Hz. Üstad (R.A) bir Ramazan arefesinde bir kardeşe rüyada :” Kardeşim, kardeşlere söyle Risale-i Nur’u çok okusunlar; İzmir için zelzele kayıtlı.”buyuruyor.
Ramazanda mutadımız olduğu üzere, sabahlamalar devam ederken, o kardeşimiz Hazret-i Üstadı yine görüyor;”Kardeşim Elhamdülillah.. o kayıt kalktı.”buyurmuşlar.
Sonraki bir zamanda tekrar rüyada :”Kardeşim o kayıt iptal edilmedi; tehir edildi.”buyurmuşlar
Vaktiyle Hazret-i Üstad İzmirin kadim Nur talebelerinden Mustafa Birlik Ağabeye, bir ziyaretlerinde:” Kardeşim İzmir benim için çok mühimdir. Oradan masonluğun Anadoluya sızmasından endişem var. Ahmet Feyzi ve siz olmasaydınız, ben gelmem lazımdı.”diye ifade etmişler.

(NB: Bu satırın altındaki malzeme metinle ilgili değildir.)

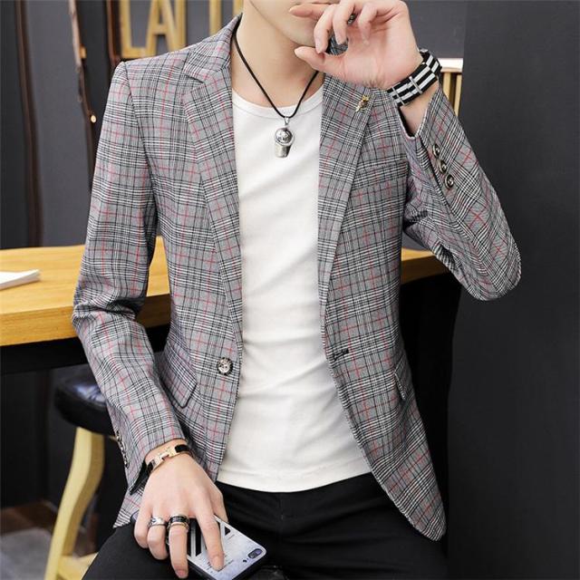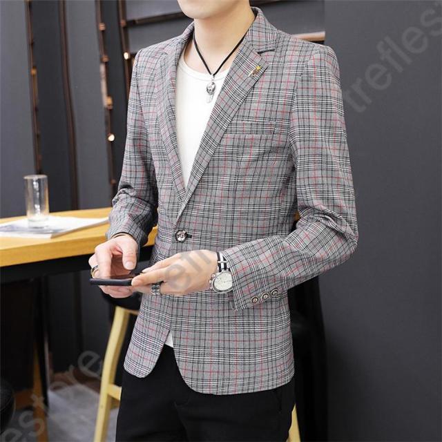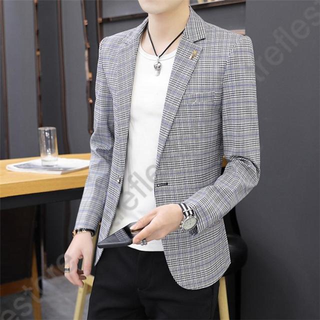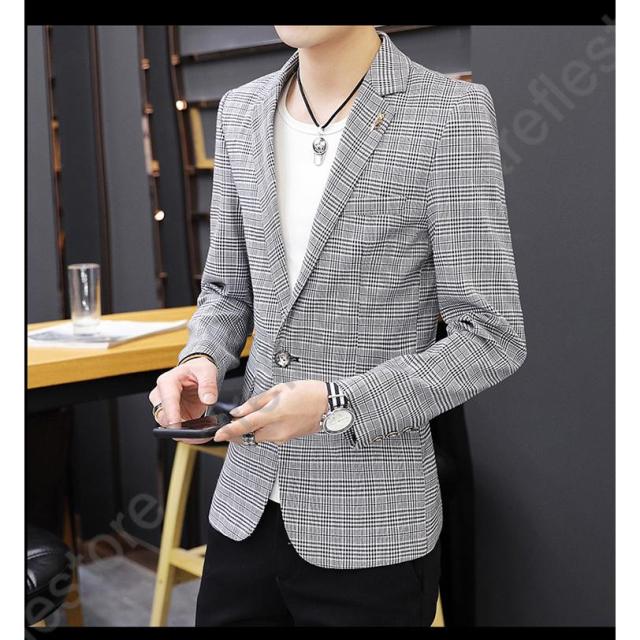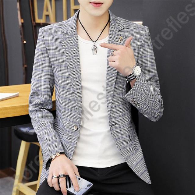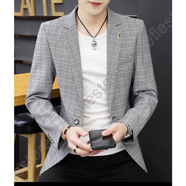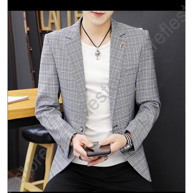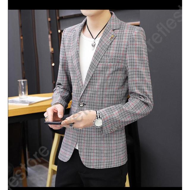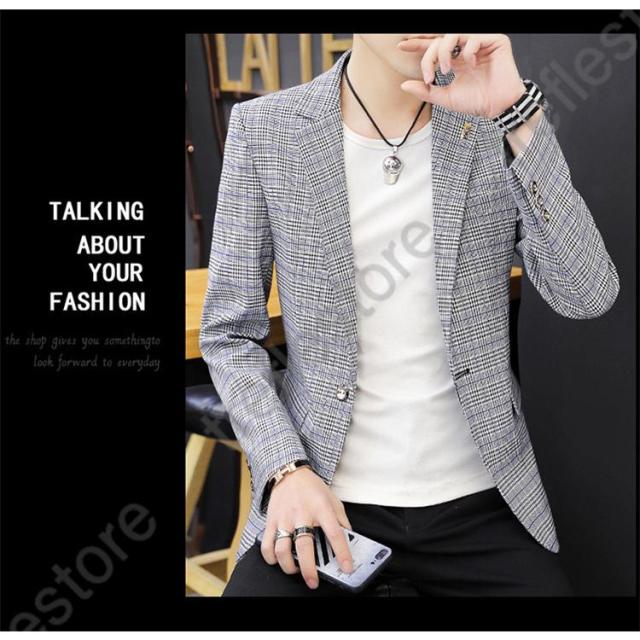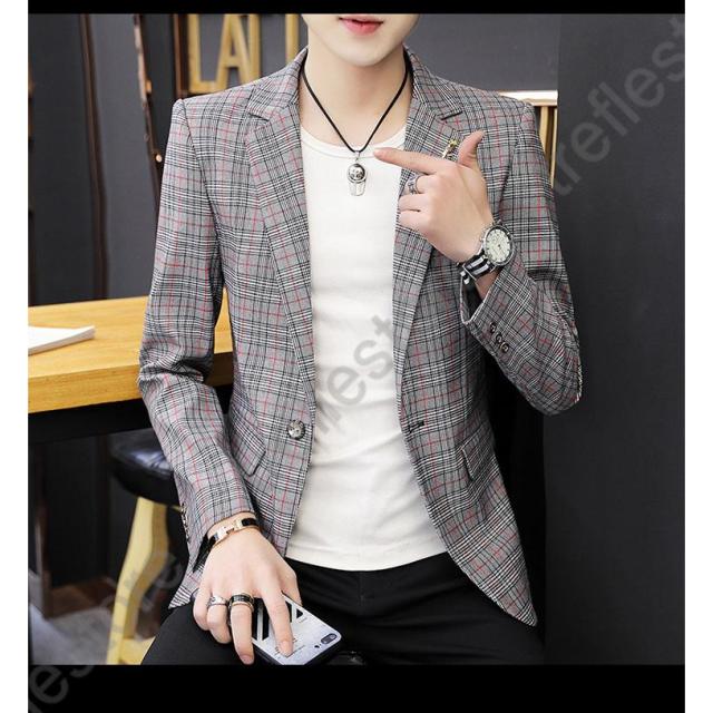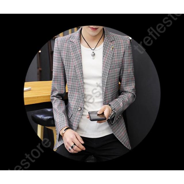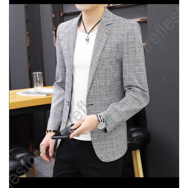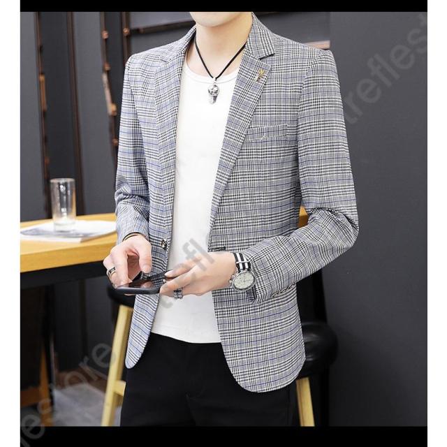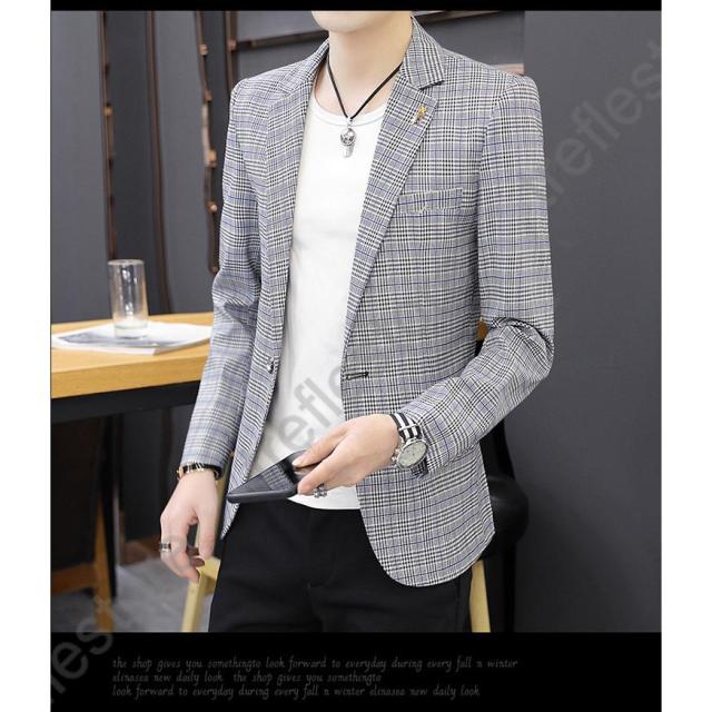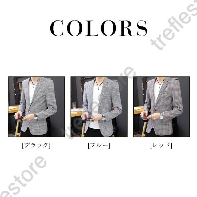 【ポイント5倍!】チェック柄 ブレザー 春 秋 大きいサイズ テーラードジャケット メンズ カジュアルジャケット 細身 新作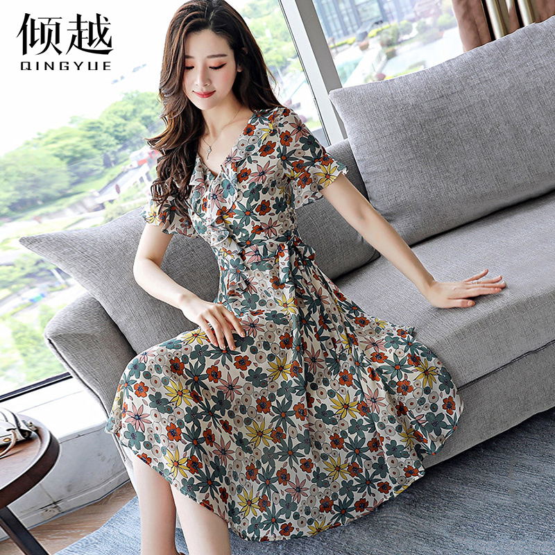 雪紡連衣裙短袖女夏裝氣質韓版修身顯瘦2017新款碎花中長款長裙子
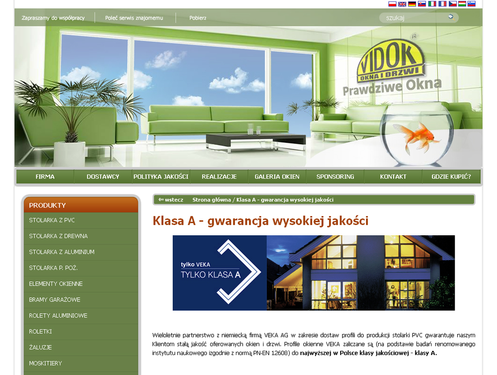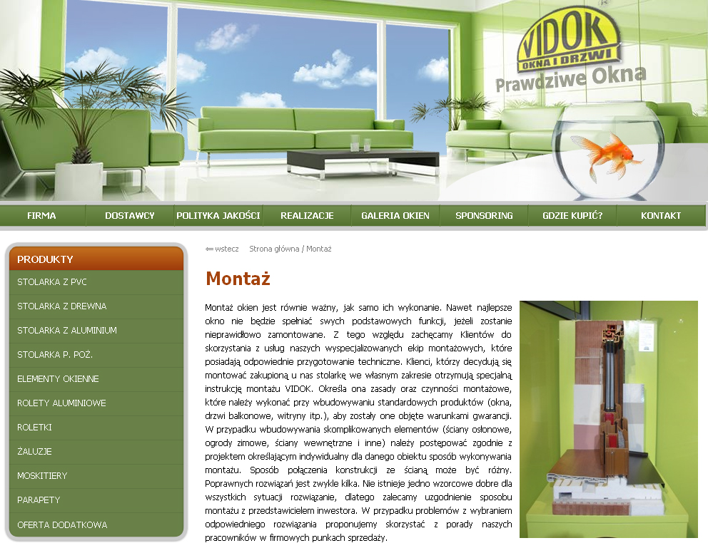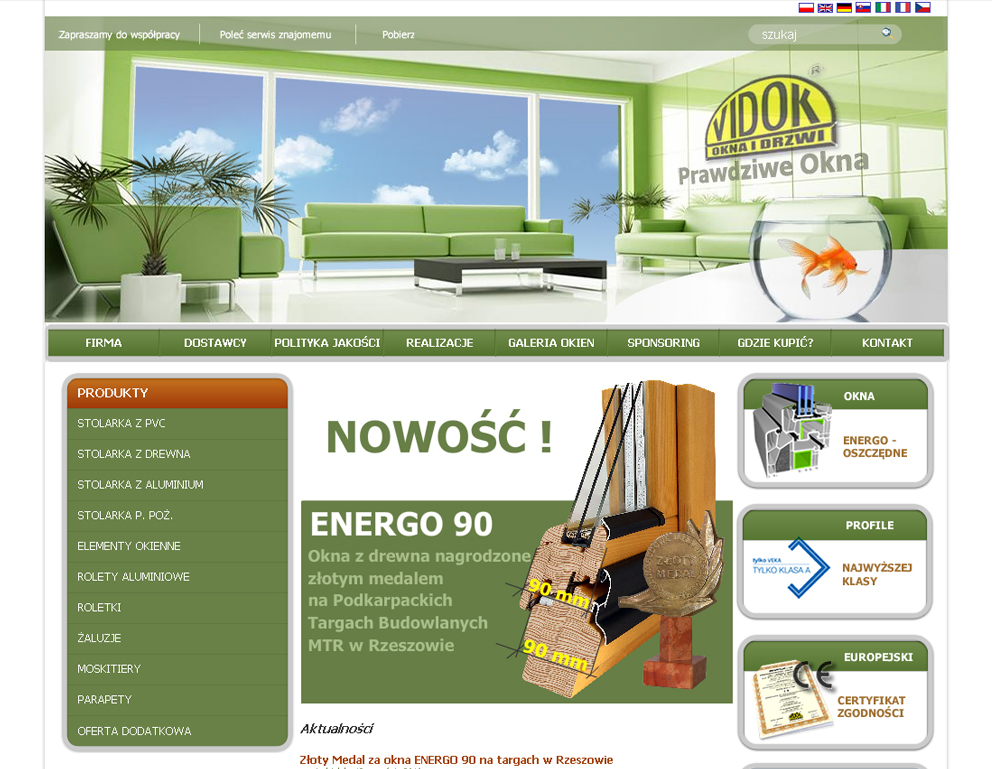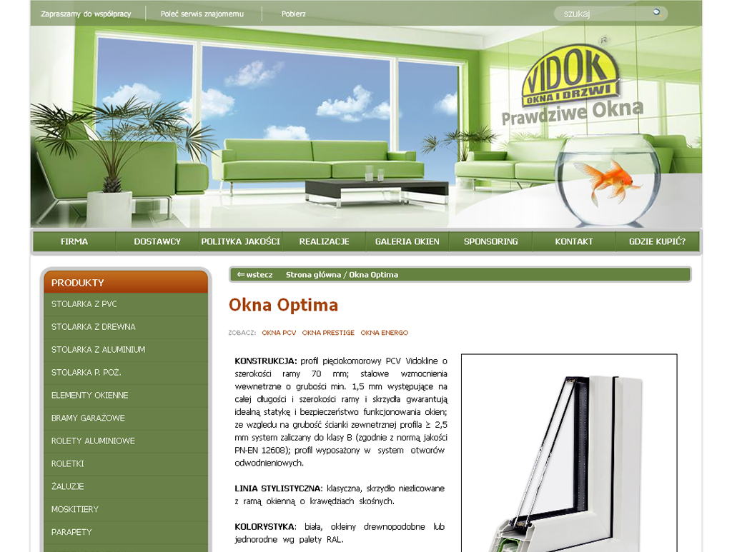 Zaadoptowaliśmy system TiO CMS v. 5.01 pod gotową grafikę, dla firmy VIDOK, producenta najwyższej jakości stolarki otworowej z PVC, drewna i aluminium.

İzmirde Nur vahaları iyidir. Merhum Mustafa Sungur Ağabey :”Vaktiyle tekyenin merkezi Bursa, medresenin merkezi Konya olduğu gibi; İzmir’den de bir mana yayılacaktır.”diye teşvikte bulunmuşlardı.
İspanyolca hizmetini ısrarla İzmir’e tahmil ettiler. Allah ebeden razı olsun. Vefatlarından sonra bir kardeşimize bizce bir rüya-yı sadıkada: “Bundan sonraki hizmetim, himmetimle olacak” buyurmuşlar.

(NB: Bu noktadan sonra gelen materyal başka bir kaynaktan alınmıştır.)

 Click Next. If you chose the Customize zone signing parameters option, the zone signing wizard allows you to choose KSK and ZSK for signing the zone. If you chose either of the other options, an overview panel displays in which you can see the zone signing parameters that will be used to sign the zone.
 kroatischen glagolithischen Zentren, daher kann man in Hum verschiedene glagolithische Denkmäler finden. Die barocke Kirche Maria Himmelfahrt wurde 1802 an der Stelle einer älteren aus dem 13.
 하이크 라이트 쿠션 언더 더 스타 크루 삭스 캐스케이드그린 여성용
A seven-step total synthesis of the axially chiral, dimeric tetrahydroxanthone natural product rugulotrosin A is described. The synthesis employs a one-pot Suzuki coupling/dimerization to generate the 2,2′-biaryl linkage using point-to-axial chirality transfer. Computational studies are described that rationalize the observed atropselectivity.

İzmir için bir tavzihimiz var: Eski zamanda İzmirde müslüman teb’a biraz iç tarafta(Eskiizmir’de) ikamet ederlermiş; ecnebiler sahil tarafında otururlarmış. Sahil tarafına giden bir kimseye: “Nereye gidiyorsun?”denildiğinde:” Gavur İzmire gidiyorum.”dermiş.

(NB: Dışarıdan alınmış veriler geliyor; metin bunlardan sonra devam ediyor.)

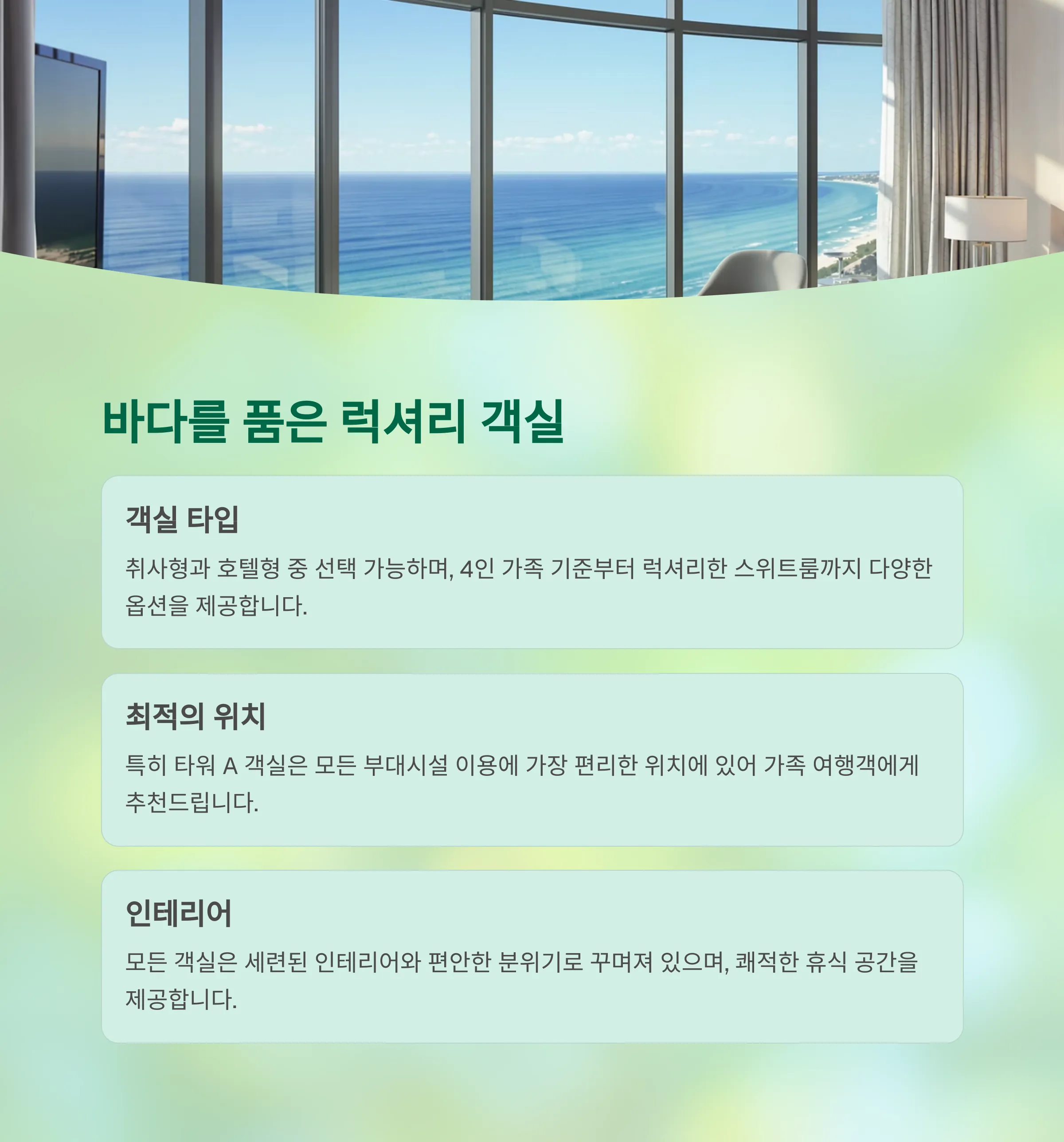 | 가족 여행을 위해 가장 적합한 숙소를 선택하려면 TIP을 확인하세요. 부모님과 함께라면 부대시설과 가까운 A타워 객실이 최고의 선택입니다. 요리를 할 계획이 있다면 취사형 객실이 특히 편리합니다. 호텔형 객실을 선택하면 더욱 고급스러운 숙박 경험을 할 수 있습니다. 가격대와 원하는 부대시설 접근성을 고려해 최적의 숙소를 선택하세요. 객실을 예약할 때 체크인, 체크아웃 시간을 숙지하고 추가 요금 발생을 방지해야 합니다. |

Bu tabir yüzünden, İzmir iftiraya uğramış.
Hazreti Üstad Bediüzzaman’ın, o zamanki Ahrar olan Demokratlara vatana, millete, dine yapacağınız hizmetlere mukabil; ben ve nurcu kardeşlerim size dua etmeye karar vereceğiz.”diye mektupta ifade ettikleri ellili yıllarda İzmir, demokrasinin kalesiydi. “Demokrat İzmir”denilirdi.